Nature Medicine 06 January 2017
 
A recent study shows that pasteurization of Akkermansia muciniphila enhances the bacterium's ability to reduce fat mass and metabolic syndrome in mice with diet-induced obesity, and that Amuc_1100*, a thermostable outer-membrane protein of A. muciniphila, can reproduce these beneficial effects.
 
Akkermansia muciniphila is a gram-negative, strict anaerobe and mucin-degrading bacterium that colonizes the guts of humans and rodents. Although Akkermansia species are conserved in the gut microbiota throughout the animal kingdom1, A. muciniphila represents the sole member of the Verrucomicrobia phylum identified in the human and murine intestines. Moreover, A. muciniphila thrives in the outer mucus layer in proximity to the host's cells, and it has been shown to rely preferentially on host-derived mucin as an energy source2. A. muciniphila is highly abundant in the gut microbiota (possibility as a result of an ecological advantage) and represents 1–5% of all intestinal bacteria3. Such a successful coevolution between Akkermansia and its hosts clearly indicates a relevance of this genus to host gut function and physiology.

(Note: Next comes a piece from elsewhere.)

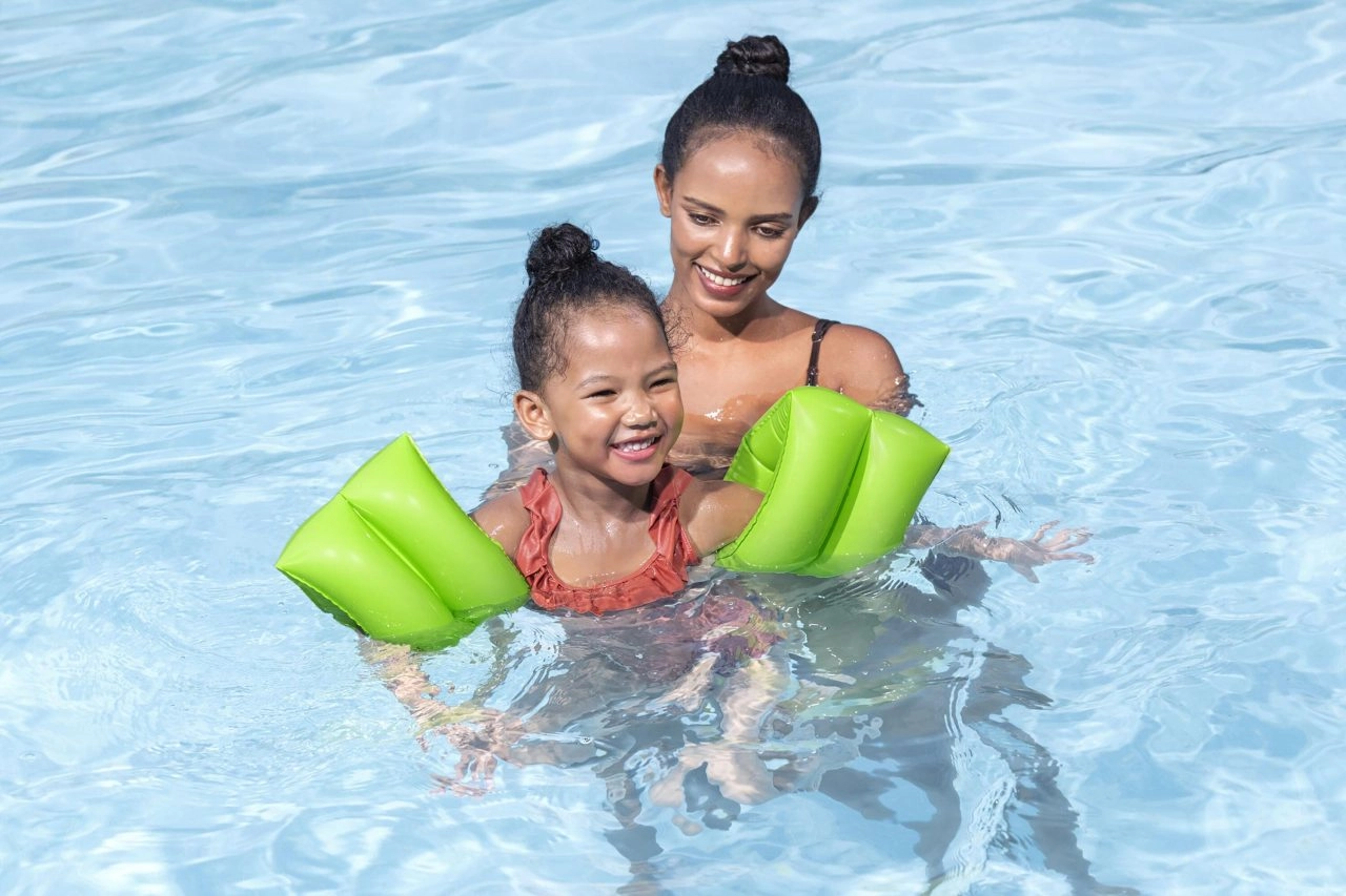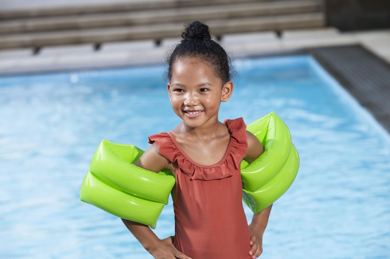 Des brassards gonflables pour enfants BESTWAY sûrs et confortables aident à gagner en assurance dans l’eau. Grâce à deux chambres à air, à des valves robustes et à une couleur verte vive, ils offrent une excellente flottabilité, une grande visibilité et une mise en place facile – idéals pour l’apprentissage de la nage à la piscine comme à la mer.

Lower abundance of A. muciniphila has been found in the feces of children with autism4, patients with inflammatory bowel disease (IBD) and individuals with obesity, when compared to feces of healthy individuals5. Furthermore, studies in mice show an increased abundance of A. muciniphila in the fecal microbiota of lean animals relative to those with obesity6, and oral administration of A. muciniphila to mice fed a high-fat diet (HFD) reverses HFD-induced obesity6, blunts metabolic endotoxemia—that is, it reduces proinflammatory bacterial lipopolysaccharides (LPSs) in the circulation—and alleviates insulin resistance6, 7 and cardiometabolic complications8. In a study in Nature Medicine, Plovier et al.9 showed that pasteurization of A. muciniphila augments its beneficial effect on obesity and insulin resistance when administered to HFD-fed mice, and that Amuc_1100*, a thermostable outer-membrane protein of A. muciniphila, recapitulates most of these effects.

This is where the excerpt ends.